第一千三百二十二章 十五日不归,以叛逆论
第一千三百二十二章 十五日不归,以叛逆论 (第1/2页)赵德言走了。
走的时候没回头,袍角带起一片沙尘。后门关上,门闩落进卡槽里,声音干脆。
院子里就剩三个人。程处弼、许元,还有搁在桌上的那封信。
程处弼盯着那封信看了一会儿,伸手拿起来。许元没拦。
封口的蜡印已经被许元拆过了,但蜡的形状还在,裴寂用的是私印,一条盘龙,尾巴咬着自己的头。程处弼见过这个印,在长安的时候见过不止一回。
他把信抽出来。
绢纸,不是公文用的黄麻纸。字写得规矩,一笔一划没有潦草的地方,是裴寂身边那个姓陈的幕僚的手。内容不长,前半段说的是西域粮道调度的事,哪批粮该走哪条路,经谁的手转运,写得像公文。
后半段话锋变了。
语气还是客气的,用的是商量的口吻,但字眼拧着劲。什么“长安诸公挂念”,什么“圣上已问过两回”,什么“军中不可久离主帅”。一层一层往上垒,垒到最后一句。
“若十五日内不归,以叛逆论。

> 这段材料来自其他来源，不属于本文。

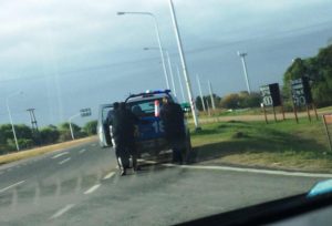 Los vecinos del Acceso Norte de la capital entrerriana fueron testigos en la mañana del domingo de un hecho insólito que involucró a una camioneta de la Policía de Entre Ríos y a tres efectivos policiales.

”
程处弼把信拍在桌上。
这一拍力道不小,茶碗跳了一下,碗里赵德言剩的半碗残茶溅出来几滴,落在沈鹤年的画像上,把那道疤洇湿了一块。
“你到底跟赵德言达成了什么?”
许元没答。他站起来,走到院子东墙根底下。墙上钉着一块麻布,麻布上写了字,密密麻麻的,有人名,有地名,有箭头,有圈。这东西挂了有些日子了,上头的墨迹新旧不一,最早的那批字颜色已经发灰。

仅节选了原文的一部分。